* _Available data_:

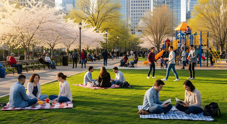 People relaxing in a vibrant city park during sunny afternoon in spring
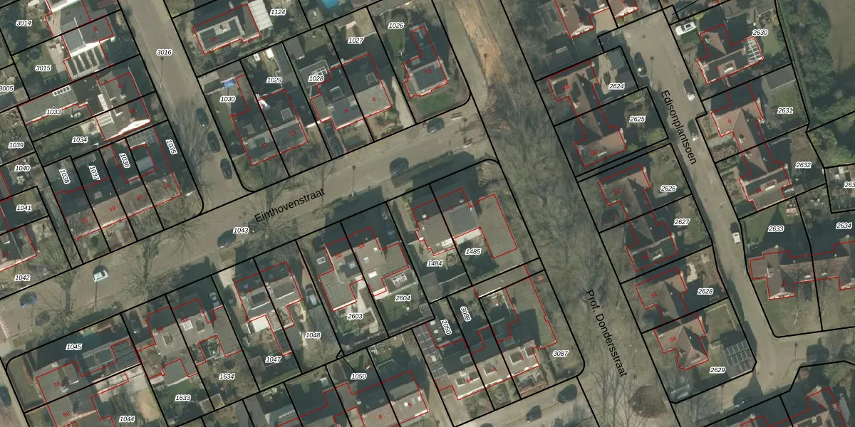 Einthovenstraat 3 is gelegen op kadastraal perceel HMD00G1484. Deze kadastrale aanduiding is uniek en wordt gebruikt door het Kadaster om eigendomsrechten en andere zakelijke rechten vast te leggen. Het perceel maakt onderdeel uit van de kadastrale gemeente Helmond.
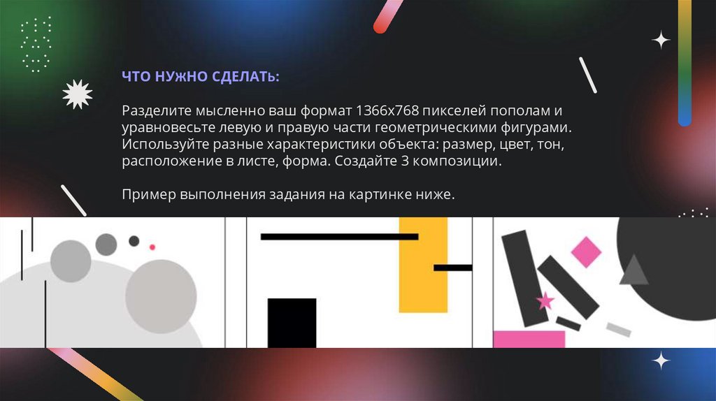 Равновесие. Формат плоской композиции.Элементы композиции: точка, линия, пятно

* _Problem to solve_: Repeat the data above in full and exactly. Omit every image.

* _Exercise response_:
 People relaxing in a vibrant city park during sunny afternoon in spring
 Einthovenstraat 3 is gelegen op kadastraal perceel HMD00G1484. Deze kadastrale aanduiding is uniek en wordt gebruikt door het Kadaster om eigendomsrechten en andere zakelijke rechten vast te leggen. Het perceel maakt onderdeel uit van de kadastrale gemeente Helmond.
 Равновесие. Формат плоской композиции.Элементы композиции: точка, линия, пятно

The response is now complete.